Tentang Hukum : Pembuktian Alat Bukti dalam Perkara Pidana dan Perdata
Pembuktian sebagai bentuk gambaran yang berkaitan tentang kebenaran atas suatu peristiwa, sehingga dari peristiwa tersebut dapat diperoleh kebenaran yang dapat diterima oleh akal.
Alat bukti memiliki hubungan dengan suatu perbuatan, di mana alat bukti dapat dipergunakan sebagai bahan pembuktian guna menimbulkan keyakinan hakim atas kebenaran adanya suatu tindak pidana yang telah dilakukan terdakwa.
Pada dasarnya, pembuktian dalam perkara pidana berbeda dengan pembuktian dalam perkara perdata. Di dalam perkara pidana pembuktian bertujuan untuk mencari kebenaran materiil, yaitu kebenaran yang sesungguhnya.
Sedangkan pembuktian dalam perkara perdata bertujuan untuk mencari kebenaran formil, yaitu hakim tidak boleh melewati batas-batas permintaan diajukan oleh para pihak yang berperkara. Hakim hanya cukup membuktikan dengan preponderance of evidence/ Sedangkan hakim pidana dalam mencari kebenaran materiil maka peristiwanya harus terbukti.
Terdapat beragam bentuk pembuktian, yang setiap perbedaannya tergantung kepada bagaimana ahli hukum memberikan referensi dari setiap pembuktian. Ahli hukum akan memberikan definisi dengan mendefinisikan sebuah pembuktian.
Tujuan dari pembuktian sebagai bentuk gambaran yang berkaitan tentang kebenaran atas suatu peristiwa, sehingga dari peristiwa tersebut dapat diperoleh kebenaran yang dapat diterima oleh akal.
Pembuktian mengandung makna bahwa benar suatu peristiwa pidana telah terjadi dan terdakwa bersalah melakukannya sehingga harus adanya sebuah bentuk pertanggungjawaban.
Ada empat teori pembuktian, yaitu :
1. Pembuktian menurut undang-undang secara positif
2. Pembuktian berdasarkan keyakinan hakim saja
3. Pembuktian berdasarkan keyakinan hakim secara logis
4. Pembuktian berdasarkan undang-undang secara negatif
Dalam Pasal 184 ayat (1) KUHAP disebutkan bahwa alat bukti yang sah adalah keterangan saksi, keterangan ahli, surat, petunjuk, dan keterangan terdakwa.
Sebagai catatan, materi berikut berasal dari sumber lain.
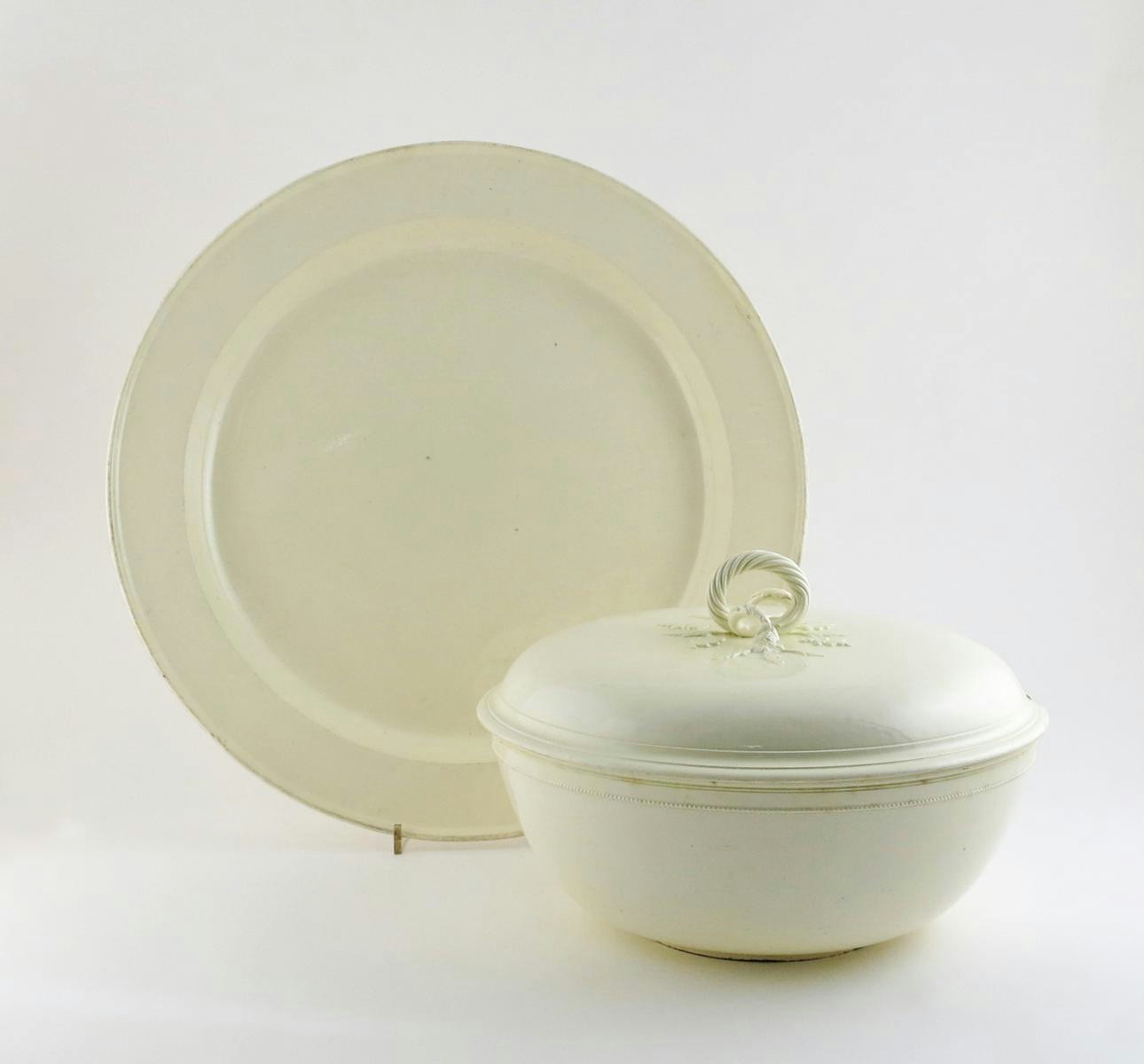 A massive Leeds Pottery creamware circular charger 19th century, impressed mark, and a large creamware circular tureen and cover, the cover with an elaborate finial issuing from applied leaves, 45cm. (3)

Hanya alat-alat bukti yang sah menurut UU yang dapat dipergunakan untuk pembuktian.
Alat bukti yang sah adalah alat bukti yang ada hubungannya dengan suatu tindak pidana, di mana alat bukti tersebut dapat dipergunakan sebagai bahan pembuktian guna menimbulkan keyakinan bagi hakim atas kebenaran adanya suatu tindak pidana yang telah dilakukan oleh terdakwa.
M. Yahya Harahap di dalam bukunya menyatakan, alat bukti adalah suatu hal berupa bentuk dan jenis yang dapat membantu dalam hal memberikan keterangan dan penjelasan tentang sebuah masalah perkara untuk membantu penilaian hakim di dalam pengadilan.
Jenis alat bukti yang menjadi alat bukti diperlukan di dalam perkara Perdata maupun perkara Pidana. Di dalam perkara Perdata, alat bukti yang diakui diatur dalam Pasal 1866 KUHPerdata.
Dalam Pasal 1866 KUHPerdata, alat bukti terdiri dari bukti tulisan, bukti dengan saksi-saksi, persangkaan-persangkaan, pengakuan, dan sumpah.
Sedangkan alat bukti hukum acara Pidana diatur dalam Pasal 295 HIR, yang alat buktinya berupa keterangan saksi, surat-surat, pengakuan, dan petunjuk.
Selain alat bukti yang diatur di dalam hukum acara pidana dan hukum acara perdata, terdapat alat bukti tambahan yang diatur dalam UU No.11 Tahun 2008 yang telah direvisi menjadi UU No.19 Tahun 2016 tentang Informasi dan Transaksi Elektronik. Undang-undang tersebut menjelaskan, salah satu bentuk pengakuan alat bukti elektronik sah baik dalam perkara perdata maupun pidana.